Van Oorschot geeft meermaals te kennen dat Brouwers’ proza te bloemrijk is en dat hij zich bezondigt aan ‘beeldovervloedigheid’. Toch zijn de mannen op elkaar gesteld en hoewel de vriendschap soms wat blijkt te ‘haperen’ (dixit van Oorschot) blijft de vriendschapsband bestaan. Het is pas tegen de jaren tachtig dat de mannen gebrouilleerd geraken.

De romans, verhalen en polemieken van Brouwers zijn altijd erg bedachtzaam geschreven: elk woord, elke zin en elk leesteken is afgewogen. De structuur is ingenieus en de symboliek weldoordacht. In zijn brieven schrijft Brouwers losser, maar zijn pen blijft geniaal: soms vilein, soms grappig, altijd mooi. Maar ook de brieven van Geert van Oorschot zijn prachtig geschreven – de uitgever van Reve en Hermans heeft overigens ook zelf literair werk gepubliceerd dat in de brieven door Brouwers wordt gewaardeerd maar ook van commentaar wordt voorzien.

Enkele welbekende thema’s van Brouwers komen aan bod. Uiteraard zijn drie belangrijkste en overkoepelende onderwerpen: liefde, literatuur en dood. Ook zijn angsten en vertwijfelingen:

Beste Geert & Hillie, ik ben de laatste maanden op een aan krankzinnigheid grenzende wijze onrustig en bang. Eenieder heeft het op mij gemunt, wil mij kloten, benadelen, bespotten, kleineren, miskennen, slaan, in de steek laten, mijn auto kapotmaken, dingen van mij stelen, mijn huis binnensluipen, mij in een gesticht opsluiten.

Ook over het geworstel met het schrijven en zijn kritiek op het enggeestige literaire klimaat en het zieke ‘boekbedrijf’ zijn talloze citaten te vinden. Uit 1969:

De Literatuur, al ben ik er nòg aan verslingerd, begint mij zoetjesaan mijn strot uit te komen: het is een grotendeels corrupt en bezwadderd bedrijf en wie geen grote muil heeft komt er ook in dat bedrijf niet aan te pas.

Brouwers schrijft over zijn onzekerheid en wanhoop over eigen werk, over de slechte verkoopcijfers:

Ik ben de wanhoop en de verbittering zèlf. Al mijn mooigemaakte, diepdoordachte, met lofgetetter en prijzen bedachte meestergeschriften liggen in de ramsj.

Er staan passages in het boek over zijn kostschoolverleden, het gedoe met vrouwen en de worsteling met alcohol (‘Ik ben een beetje aan de kruik.’) En over zijn weemoedigheid:

Beste Geert, ik ben erg blij met je brieven.
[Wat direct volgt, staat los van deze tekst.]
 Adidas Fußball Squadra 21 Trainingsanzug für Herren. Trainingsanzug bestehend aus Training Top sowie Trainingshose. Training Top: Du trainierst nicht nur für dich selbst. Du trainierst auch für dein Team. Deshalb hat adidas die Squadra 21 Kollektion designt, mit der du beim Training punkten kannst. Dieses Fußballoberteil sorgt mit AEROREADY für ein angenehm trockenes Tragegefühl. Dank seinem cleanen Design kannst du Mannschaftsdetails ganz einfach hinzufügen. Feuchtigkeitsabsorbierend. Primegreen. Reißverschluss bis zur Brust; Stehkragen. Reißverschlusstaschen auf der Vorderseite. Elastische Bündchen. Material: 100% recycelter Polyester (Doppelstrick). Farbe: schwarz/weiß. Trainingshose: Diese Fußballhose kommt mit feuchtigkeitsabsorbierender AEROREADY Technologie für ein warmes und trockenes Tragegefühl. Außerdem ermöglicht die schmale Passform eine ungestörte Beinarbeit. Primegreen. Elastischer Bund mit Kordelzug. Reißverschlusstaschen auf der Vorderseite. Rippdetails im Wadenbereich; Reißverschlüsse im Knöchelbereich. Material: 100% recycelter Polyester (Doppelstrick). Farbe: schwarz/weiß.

Na lange tijd weer en juist nu zijn ze me zeer welkom: ik ben eenzaam en nerveus, bij tijden weet ik me geen raad, er is veel dat me dwarszit en ik bloed uit vele wonden.
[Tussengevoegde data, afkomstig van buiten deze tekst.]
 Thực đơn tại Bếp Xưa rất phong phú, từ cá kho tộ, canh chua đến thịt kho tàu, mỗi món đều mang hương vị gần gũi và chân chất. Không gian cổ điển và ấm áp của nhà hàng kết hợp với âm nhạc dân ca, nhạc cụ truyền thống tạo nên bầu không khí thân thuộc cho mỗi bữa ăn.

Maar al zijn onderwerpen en thema’s monden uiteindelijk uit in zijn onvoorwaardelijke, eerlijke en compromisloze toewijding aan de literatuur. Briefwisseling 1968 – 1986 zal wellicht geen nieuwe lezers bereiken, maar voor zij die reeds bewondering hebben voor Brouwers, zal het lezen van dit wondermooie boek een feestelijke gebeurtenis zijn.

Kris Velter

Jeroen Brouwers & Geert van Oorschot – Briefwisseling 1968 – 1986. Atlas Contact, Amsterdam. 576 blz. € 45,00.